Rating: 4.4875 out of 5 stars
4.5/5
40 ratings2 reviews
- Rating: 4 out of 5 stars4/5Soon after the attack on Pearl Harbor, Sid Phillips enlisted with the U.S. Marines. His book follows him from his enlistment until he mustered out after the war. The heart of the book, as the sub-title indicates, is the time he spent on Guadalcanal. As Phillips states in the beginning of the book, this is not a history of the war or of Guadalcanal. The book is primarily made up of primarily humorous anecdotes surrounding events Phillips was involved in. You definitely won’t gain an understanding of the battle for Guadalcanal from reading this, but the Marines on the island didn’t have much of an understanding of what was actually happening and its broader impacts. I think you do get a feel for what life was like for the Marines there. Phillips was apparently featured in Ken Burns’ documentary “The War”, as well as the recent HBO series “The Pacific”. Worth reading to see the Marine-level view of one of the earliest battles in the Pacific. I received an ARC of this book from the publisher.

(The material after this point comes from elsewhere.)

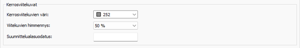 Asetusten Yleiset-välilehdellä voidaan määritellä kerrosviitekuvien tuontiväri ja -himmennys. Samalla voidaan määritellä tuodaanko viitekuviksi jokin tietty suunnitteluala (esim. ARK tai LVIS), jos ne on kerrosasetuksiin määritelty.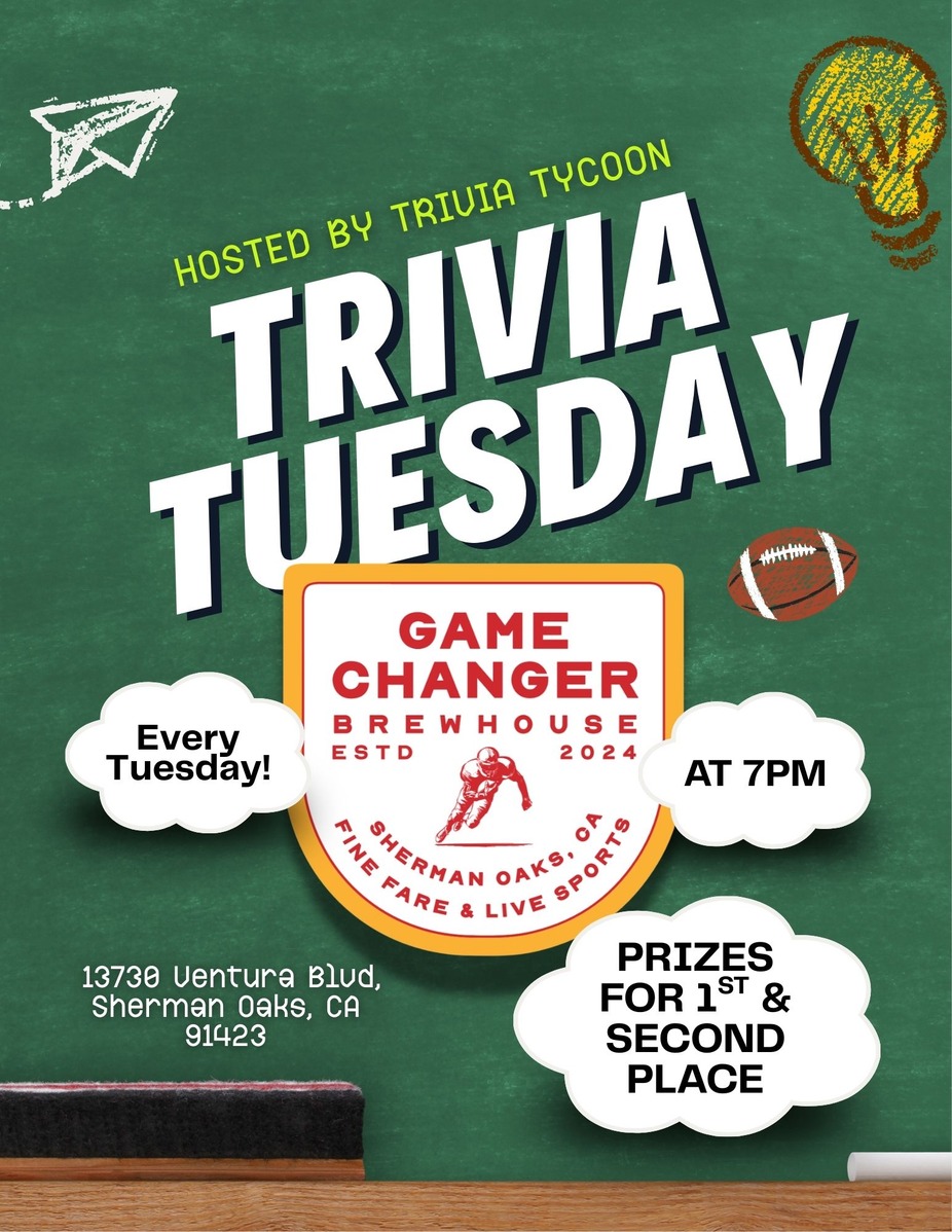 Put your knowledge to the test every Tuesday at 7PM at Game Changer Brewhouse for Trivia Tuesday.

- Rating: 4 out of 5 stars4/5If you saw Ken Burn's documentary, The War or the HBO miniseries, The Pacific, then you already know about Sid Phillips. He played a major role in both by recounting his experiences as a private in a mortar platoon in the South Pacific during World War II. In this book Sid tells in detail his life in the Marine Corps. The day after Pearl Harbor was attacked, seventeen year old Sid and his friend, went down to enlist in the military. There was no waiting in line at the Marine recruiter's office so he signed up. This may have been the only time in his Marine career that he didn't have to hurry up and then wait in line. The boy who entered training at Parris Island would come home a man after enduring the hell of Guadalcanal. It is a tribute to Sid's character, that his memoir dwells not on the tragedy and grief that surrounded this life, but on the rich relationships he formed. Their humor, both light and dark, helped the young Marines endure seemingly endless heat, exhaustion, deprivation, and pain in a campaign that in those early days of the war, left them feeling alone and forgotten.